Preparation of Compound 2
The crude product from the above filtration was added to a 250mL three-necked flask, and 70mL ethanol and 30mL water were added. And heating the system to 45-50 ℃, stirring for 30min, dropwise adding di-tert-butyl dicarbonate (11g, 0.048mol) and 30% sodium hydroxide solution at controlled temperature, controlling the pH of the system to be 9-10, and carrying out heat preservation reaction for 3 hours after the dropwise addition. The ethanol was recovered under reduced pressure, cooled to room temperature, and filtered to give 11.8g of product in 82% yield.
Example five: in the synthetic route shown in formula 7, carboxylic acid reacts with isobutyl chloroformate to obtain active ester in N-methylmorpholine serving as base, and R is isobutyl carbonate group; the base used to convert compound 29 to compound 30 is potassium hydroxide.
Preparation of Compound 26
Compound 25(19.8g, 0.1mol) was charged into a 500mL three-necked flask, 200mL of methylene chloride was added, and N-methylmorpholine (21.2g, 0.21mol) was added dropwise with cooling in an ice-water bath. Controlling the temperature to be minus 10 to minus 5 ℃, dropwise adding isobutyl chloroformate (20.5g, 0.15mol), preserving the temperature for reaction for 30 minutes after dropwise adding, filtering, and preserving the filtrate at low temperature for later use.
Preparation of Compound 27
250mL of methyl tert-butyl ether and 90mL of diethylene glycol dimethyl ether are added into a 500mL three-necked bottle, methyl nitrosourea (30g, 0.29mol) is added under the cooling of an ice water bath, and the mixture is stirred for 10 minutes and stored at low temperature for standby. A solution of methylnitrosourea and a 30% potassium hydroxide solution (50g, 0.89mol) were passed through a microchannel reactor in a weight ratio of 3:1 to prepare a methyl tert-butyl ether solution of diazomethane.
The solution of the compound 26 and the methyl tert-butyl ether solution of diazomethane are prepared into the diazo compound by a microchannel reactor according to the weight ratio of 1:1, the diazo compound flows into water, the water is slowly heated to 60 ℃, and the reaction is stirred for 1 hour. Standing for layering, concentrating the organic phase under reduced pressure, and directly reacting the residue in the next step.
Preparation of Compound 28
Compound 25(19.8g, 0.1mol) was charged into a 500mL three-necked flask, 200mL of methylene chloride was added, and N-methylmorpholine (21.2g, 0.21mol) was added dropwise with cooling in an ice-water bath. Controlling the temperature to be minus 10 to minus 5 ℃, dropwise adding isobutyl chloroformate (20.5g, 0.15mol), preserving the temperature for reaction for 30 minutes after dropwise adding, filtering, and preserving the filtrate at low temperature for later use.
Preparation of Compound 29
250mL of methyl tert-butyl ether and 90mL of diethylene glycol dimethyl ether are added into a 500mL three-necked bottle, methyl nitrosourea (30g, 0.29mol) is added under the cooling of an ice water bath, and the mixture is stirred for 10 minutes and stored at low temperature for standby. A solution of methylnitrosourea and a 30% potassium hydroxide solution (50g, 0.89mol) were passed through a microchannel reactor in a weight ratio of 3:1 to prepare a methyl tert-butyl ether solution of diazomethane.

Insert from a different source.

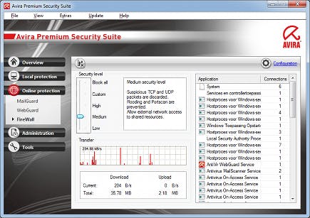 Avast! 5.0 heeft een nieuw uiterlijk gekregen dat erg duidelijk is en bijvoorbeeld direct laat zien of het systeem goed beveiligd is. Alle onderdelen van de suite zijn bovendien via de tabbladen direct toegankelijk. Het aanpassen van een instelling is nooit meer dan vier klikken weg. Uniek ten opzichte van de andere titels in de test zijn de ‘schilden’. Dit zijn specifieke beveiligingsfuncties voor bijvoorbeeld instant messaging, P2P of e-mail. Het P2P-schild controleert specifiek downloads van bijvoorbeeld BitTorrent of eDonkey. De configuratie gebeurt grotendeels automatisch maar soms is het nodig een programma handmatig toe te voegen aan een schild. Mooi is ook de Sandbox, waarbij elk willekeurig programma in een veilige virtuele omgeving kan worden gebruikt. De firewall werkt met drie zones maar maakt niet helder wat het precies betekent als één daarvan gekozen is. Een minpuntje: om de systeemgrafieken te zien is ineens een Flash-player vereist.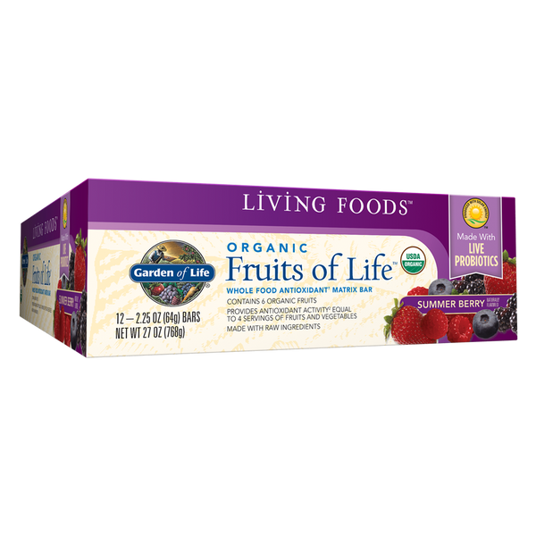 - Living Foods Organic Fruits of Life—entire nourishment antioxidant† grid bar containing 6 natural organic products with an invigorating summer berry taste.

The solution of the compound 28 and the methyl tert-butyl ether solution of diazomethane are prepared into the diazo compound by a microchannel reactor according to the weight ratio of 1:1, the diazo compound flows into hydrochloric acid, and the diazo compound is cooled in ice water bath and stirred for reaction for 1 hour. Standing for layering, concentrating the organic phase under reduced pressure, and directly reacting the residue in the next step.
Preparation of Compound 30
To the above-concentrated residue was added 100mL of water, potassium hydroxide (11.2g, 0.2mol) was added, the mixture was heated to slight boiling, stirred and reacted for 8 hours, the temperature was reduced to room temperature, 200mL of dichloromethane was added for extraction, the organic phase was separated, and after concentration, the mixture was recrystallized from methyl t-butyl ether to obtain compound 30(15.8g, yield 70%).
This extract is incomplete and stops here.